12. The mechanism according to claim 7, further comprising at least a second stop member comprising a second abutment surface,

wherein the housing is configured to be engaged with exactly one of the stop members at a given time, and

wherein each of the stop members defines a different total amount of possible rotation of the sleeve component relative to the housing depending on an axial position of the abutment surface of the respective stop member.

13. The mechanism according to claim 1, wherein the stop member is configured such that the total amount of possible rotation can only be varied by engaging the stop member with a specific tool.

14. The mechanism according to claim 1,

wherein the stop member is retained inside the housing, or

wherein the stop member is configured to be assembled to the remainder of the mechanism from the outside of the housing.

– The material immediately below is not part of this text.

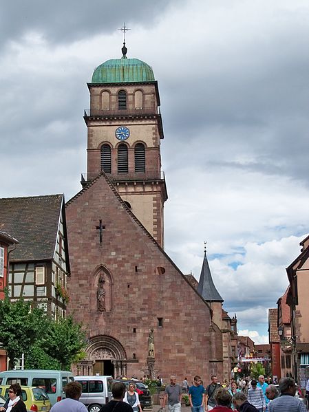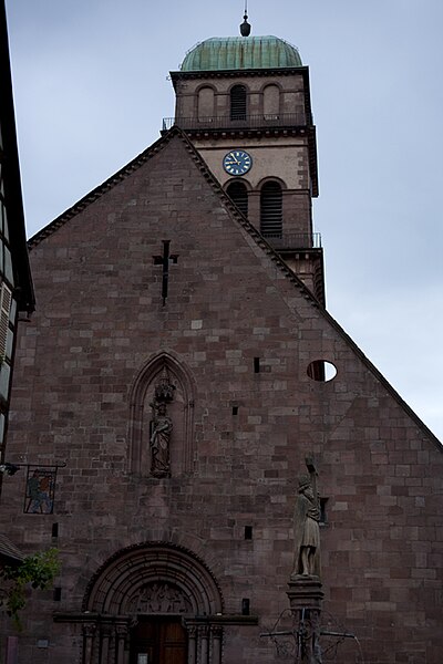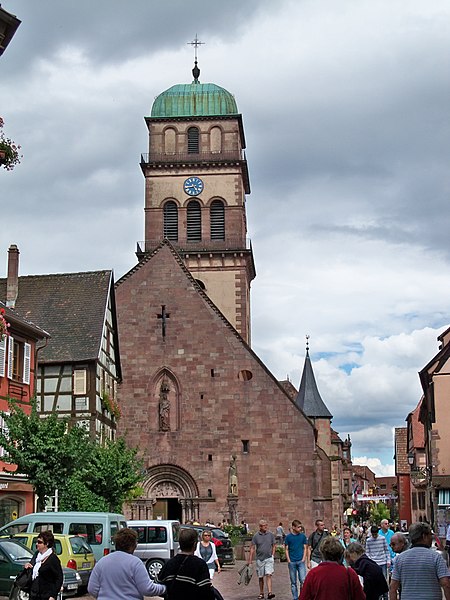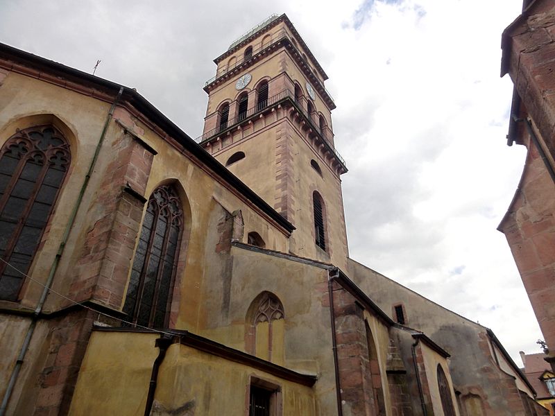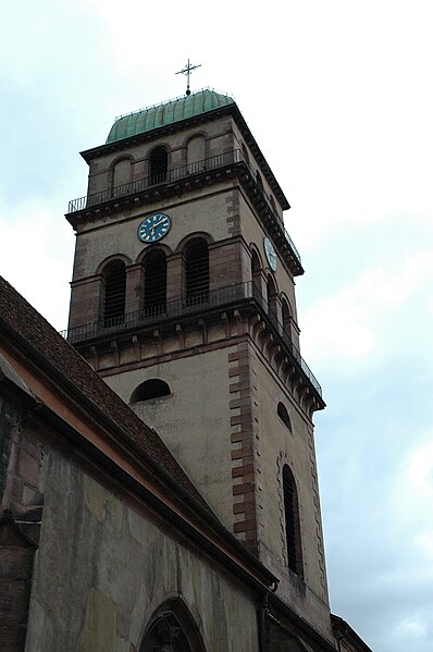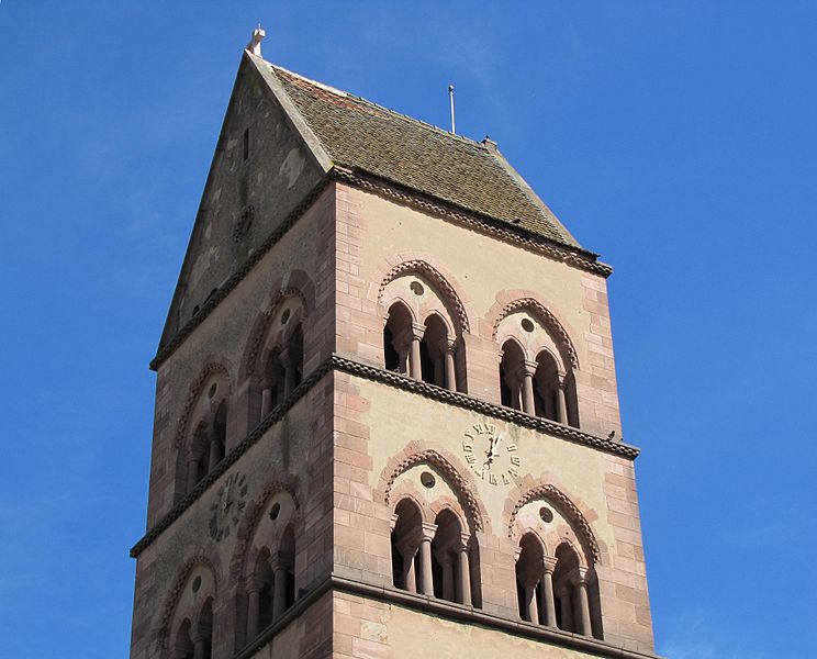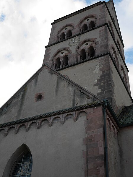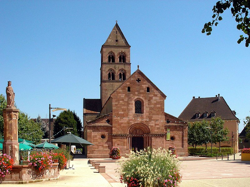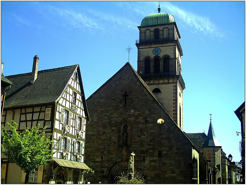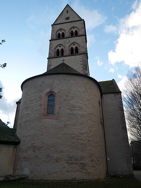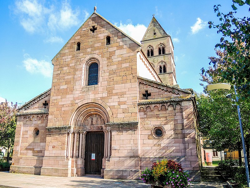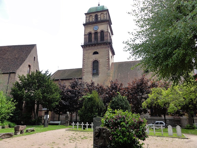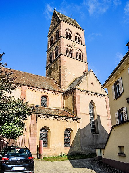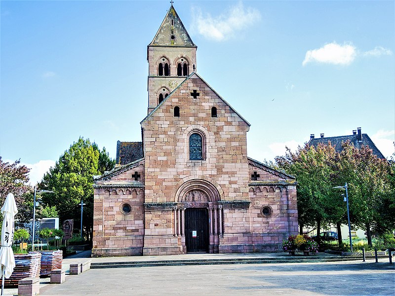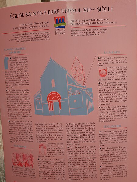 L'église Saint‑Pierre‑et‑Saint‑Paul est située place de l'Église à Sigolsheim, dans le Haut‑Rhin. Classée au titre des monuments historiques par arrêté du 1er octobre 1841, elle conserve des éléments romans associés à des réaménagements successifs. Une première église fondée par l'impératrice sainte Richarde en 880 fut remplacée par une paroissiale romane vers 1180‑1190, utilisant les fondations du chœur demi‑circulaire et peut‑être le mur oriental de la nef. Au XVe siècle, après un pillage et des destructions attribués au seigneur Jean Wild, la tour de croisée reçut des baies gothiques en arc brisé et une flèche remplaça la couverture antérieure. En 1837‑1838, l'architecte départemental Félix Griois allongea la nef vers l'ouest par deux travées, reconstruisit une travée simple et la façade occidentale à l'identique avec des matériaux d'origine; les escaliers en vis ne furent toutefois pas rétablis jusque sous le comble, les baies furent agrandies, la baie au‑dessus du portail reçut un réseau néo‑gothique abritant les statues de saint Pierre et de saint Paul, la porte du croisillon sud fut déplacée dans le bas‑côté sud et une nouvelle porte percée dans le bas‑côté nord. Selon les plans de Jean‑Baptiste Schacre, le chœur roman demi‑circulaire fut remplacé en 1865‑1866 par un chœur néo‑roman plus vaste, comportant une travée droite, une abside et une sacristie arrondie vers le sud; l'ensemble fut béni en 1866. En 1910‑1911, Klem fournit un mobilier liturgique neuf. Les bombardements de décembre 1944 endommagèrent gravement l'édifice et la tour fut incendiée la nuit de Noël. Restaurée dans les années 1950 par Charles‑Henri Arnhold, l'église a bénéficié d'une restitution volumétrique du chœur primitif sur des fondations carolingiennes ou ottoniennes mises au jour lors de fouilles, ainsi que de la restitution de l'élévation romane de la tour à partir de vestiges de baies du XIIe siècle partiellement conservés en place ou noyés dans la maçonnerie gothique des niveaux supérieurs. La flèche fut remplacée par un toit en bâtière et les croupes des bras du transept restaurées en pignons selon l'état antérieur à 1837. Orientée et entièrement voûtée, l'église présente une nef à trois vaisseaux (trois travées doubles et une travée simple), un transept non saillant avec tour de croisée et un chœur demi‑circulaire plus large que le vaisseau central. De grandes arcades alternent piles fortes et piles faibles et sont surmontées d'une frise de billettes; doubleaux, formerets et ogives retombent sur piédroits, dosserets et colonnettes dont certains chapiteaux sont sculptés d'aigles, notamment contre l'arc triomphal. Des ogives quadrangulaires apparaissent dans les bas‑côtés et des ogives à cavets dans la croisée, où elles retombent sur des chapiteaux sculptés de têtes; dans le comble du bas‑côté nord subsistent deux consoles à buste d'homme et à dragons ailés, le tympan de la porte murée nord du transept porte un décor gravé et les chapiteaux de la porte sud sont sculptés. Des frises d'arceaux ornent les élévations de la nef et du transept, et des consoles sculptées de têtes d'homme et de chat décorent la façade ouest; dans chaque face de la tour, aux deuxième et troisième étages, deux baies géminées sont encore visibles. Le portail concentre l'essentiel du décor : les chapiteaux des colonnettes de l'ébrasement présentent un bestiaire réel et fantastique dans une végétation luxuriante, le linteau porte cinq médaillons figurant l'agneau pascal entouré des symboles des évangélistes, et le tympan représente le Christ remettant la clef à saint Pierre et le livre à saint Paul, encadré par deux donateurs, l'un offrant une bourse et l'autre un fût de vin.

15. A drug delivery device comprising a mechanism for setting a dose of a medicament for the drug delivery device, the mechanism comprising:

a housing;

a sleeve component configured to rotate relative to the housing during a dose setting operation; and

a stop member configured to limit a total amount of possible rotation of the sleeve component to a maximum in order to limit a maximum settable dose,

wherein the stop member is configured to allow varying the total amount of possible rotation of the sleeve component.